Protein is made up of amino acids, which act like building blocks for the body. When you eat protein after exercise, it gives your muscles the amino acids necessary to repair and rebuild.

Which protein is no 1 for muscle gain? ›

Whey protein concentrate is an effective choice for muscle building, and since it is a bit higher in fat, it often tastes better when compared to whey protein isolate. If you prefer a more subtle note of vanilla, we found that this protein powder has a light vanilla taste, rather than an overpowering, cake-like one.

What snack has the most protein? ›

High-Protein Snacks
  • Tuna and crackers. An entire can of light tuna in water is packed with about 27 grams of protein. ...
  • Salmon and crackers. Swap out the canned tuna for canned salmon, and the amount of protein skyrockets to as much as 72 grams. ...
  • “Cheesy” popcorn. ...
  • Nut butter with apples or celery.
Oct 26, 2023

What is the best protein fat snack? ›

String Cheese and Almonds

String cheese is an easy and portable snack option. Add in some nuts, such as almonds, and you have a variety of nutrients, including protein, filling fats, and dietary fiber—making this pairing a perfect high-protein snack.

What snack has 13 grams of protein? ›

Eggs. They're delicious, fast, and convenient. Hard boil a few so you can grab and go (or, if you don't mind the extra cost, buy them pre-boiled and peeled). Two delicious eggs have almost 13 grams of protein and less than 1 gram of net carbs, so they're a perfect low-carb snack option.

What is a 20 g protein snack? ›

A few protein options can help you consume 20g of protein within a snack. For example, Greek yogurt and tofu can have that amount in one serving.

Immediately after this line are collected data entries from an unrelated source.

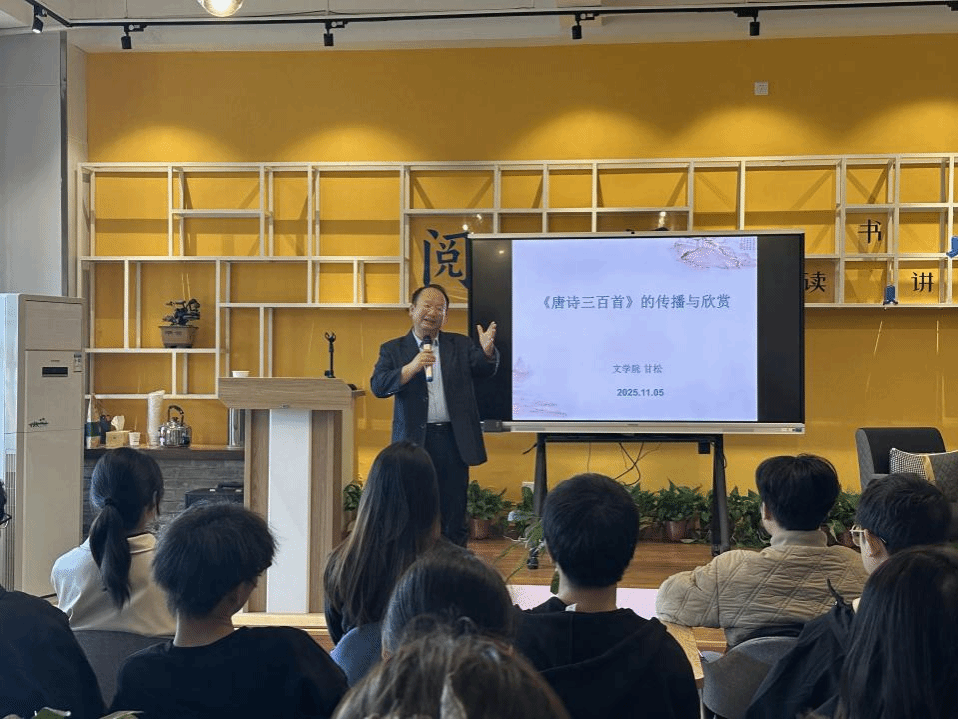 本网讯 11月5日,锦绣校区“阅+历”读书讲堂“人文十讲”第四讲由北京大学访问学者、中国词学研究会理事、我校文学院副院长甘松教授以“《唐诗三百首》的传播与欣赏”为主题,开展了一场兼具深度与温度的文化讲座。本次讲座由校阅读推广人、文学院教师齐晓坤主持。
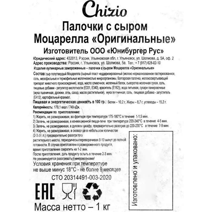Сыр полутвердый Моцарелла (сырный плсат чеддеризированный (молоко нормализованное пастеризованное, соль, мезофильные и термофильные молочнокислые организмы, болгарская паслочка, молокосвертывающий препарат животного происхождения), вода, масло сливочное, молочный белок, сыворотка молочная сухая, соль, пищевые добавки — регулятор кислотности (Е331, Е340), краситель (Е162)), вода питьевая, сухари панировочные (мука пшеничная, дрожжи, соль, сахар, масло растительное), мука пшеничная, соль, пищевая добавка — загуститель (Е412), картофельный крахмал.
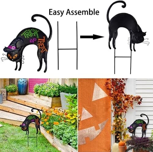 Metal Cat Yard Sign Garden Stake Halloween Outdoor Decoration, Spooky Black Cat
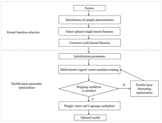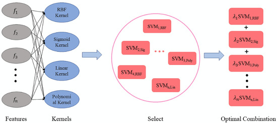 Many factors can influence time-series fluctuations; therefore, when predicting time series, the effects of the influencing factors should be fully considered, and a multi-kernel function is used to analyze the influencing factors. The multi-kernel function is a kernel function corresponding to different types of data construction and weights and combines according to the importance and the degree of each kernel function to form a multi-kernel function. As shown in Figure 5, multi-kernel functions can combine multiple types of influencing factors and adjust the weights to form an optimal function. Compared to traditional single-core functions, multi-kernel functions are more robust and accurate.
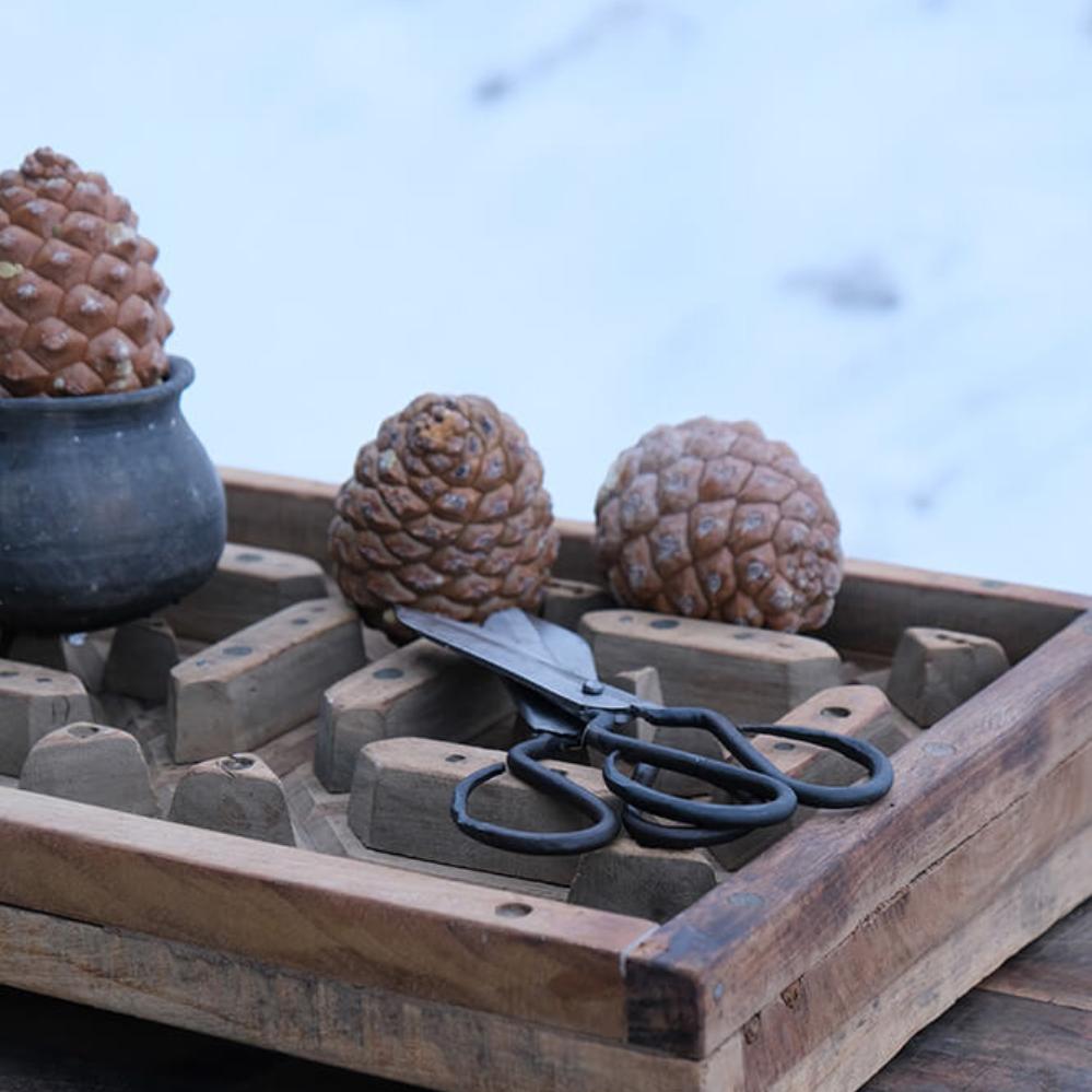 Stellen Sie sich vor: Etwas so Praktisches wie eine Schere kann so schön sein. Die Schere hat einen dunklen Griff, der auf die schönste Art und Weise gestaltet ist. Die Klinge ist aus Eisen, und die Schneiderschere hat eine gute Schnittqualität. Wenn Sie die Schere nicht zum Schneiden verwenden, lassen Sie sie auf einer Platte dekorieren oder hängen Sie sie zur Dekoration an einen Haken.

What protein should I eat after workout or weights? ›

Some classic protein-rich post-workout staples include eggs, turkey breast, grilled chicken, beef jerky, plain and unsweetened Greek yogurt, tofu, edamame (with soy being a terrific plant protein option), and even quinoa — a complete plant-based protein alternative that offers all nine essential amino acids to boost ...

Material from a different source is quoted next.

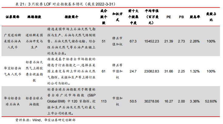 我们以3只股票LOF作为分析对象,对比其特点。从跟踪指数上看,三只产品分布对应了三只不同的油气指数。广发道琼斯美国石油A人民币对应的是道琼斯美国石油开发与生产指数;华宝标普油气A人民币对应的是标普石油天然气上游股票全收益指数;华南标普全球石油A跟踪的是标普全球石油指数。从个股数量上看,道琼斯美国石油开发与生产指数和标普石油天然气上游股票全收益指数较为接近,而标普全球石油指数的数量较多,在2022Q1为113只。在加权方法上,道琼斯美国石油开发与生产、标普全球石油指数均为市值加权,而标普石油天然气上游股票全收益指数为等市值加权,因此前十大个股集中度明显较低。此外,三者在地区分布上有所区别,标普全球石油指数涉及全球22个市场,包括港股中的中国石油化工股份(0386.HK)、中国石油股份(0857.HK),而另外两只指数均专注与美股市场。
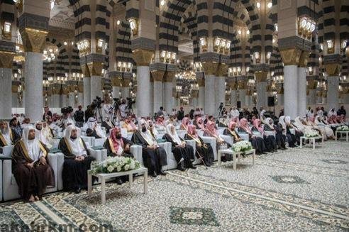 واستهلت فقرات الحفل، بتلاوة آيات من القرآن الكريم، ثم استمع الحضور إلى كلمة سماحة مفتي عام المملكة الشيخ عبدالعزيز بن عبدالله بن محمد آل الشيخ، ألقاها نيابة عن سماحته، معالي الأمين العام لهيئة كبار العلماء الشيخ الدكتور فهد الماجد، وأوضحت الكلمة ملامح من قصة هجرة النبي -صلّى الله عليه وسلّم- من مكة وقدومه المدينة المنورة وبنائه مسجده الشريف وما تتابع عليه من التوسعات، كان أعظمها وأكبرها ما تَمَّ في العهد السعودي المبارك.

Is peanut butter enough protein after workout? ›

Peanut butter is an excellent source of protein, healthy fats, and carbohydrates, making it ideal for anyone looking to optimize their muscle recovery. It is a convenient and delicious snack and provides the nutrients necessary to support muscle recovery and improve overall performance.

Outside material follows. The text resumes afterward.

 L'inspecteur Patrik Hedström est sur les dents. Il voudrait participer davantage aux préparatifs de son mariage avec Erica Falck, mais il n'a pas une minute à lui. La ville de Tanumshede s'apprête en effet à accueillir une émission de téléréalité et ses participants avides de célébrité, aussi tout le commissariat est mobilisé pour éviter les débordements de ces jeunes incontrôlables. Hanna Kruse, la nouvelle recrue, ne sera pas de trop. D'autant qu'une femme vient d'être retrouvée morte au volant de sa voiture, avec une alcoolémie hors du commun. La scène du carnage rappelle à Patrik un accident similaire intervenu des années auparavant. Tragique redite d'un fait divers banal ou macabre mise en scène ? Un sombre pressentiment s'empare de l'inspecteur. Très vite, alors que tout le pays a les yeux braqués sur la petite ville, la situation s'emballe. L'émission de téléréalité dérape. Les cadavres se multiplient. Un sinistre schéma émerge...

Is it better to eat more protein the day after a workout? ›

Protein is important to help your muscles repair after exercise, whether you're lifting weights or not. You don't necessarily need to have a shake right after training though, dietitian Alix Turoff said. Consuming enough protein over the course of the day is most important, she said.

References

Top Articles
Latest Posts
Article information

Author: The Hon. Margery Christiansen

Last Updated:

Views: 6197

Rating: 5 / 5 (50 voted)

Reviews: 81% of readers found this page helpful

Author information

Name: The Hon. Margery Christiansen

Birthday: 2000-07-07

Address: 5050 Breitenberg Knoll, New Robert, MI 45409

Phone: +2556892639372

Job: Investor Mining Engineer

Hobby: Sketching, Cosplaying, Glassblowing, Genealogy, Crocheting, Archery, Skateboarding

Introduction: My name is The Hon. Margery Christiansen, I am a bright, adorable, precious, inexpensive, gorgeous, comfortable, happy person who loves writing and wants to share my knowledge and understanding with you.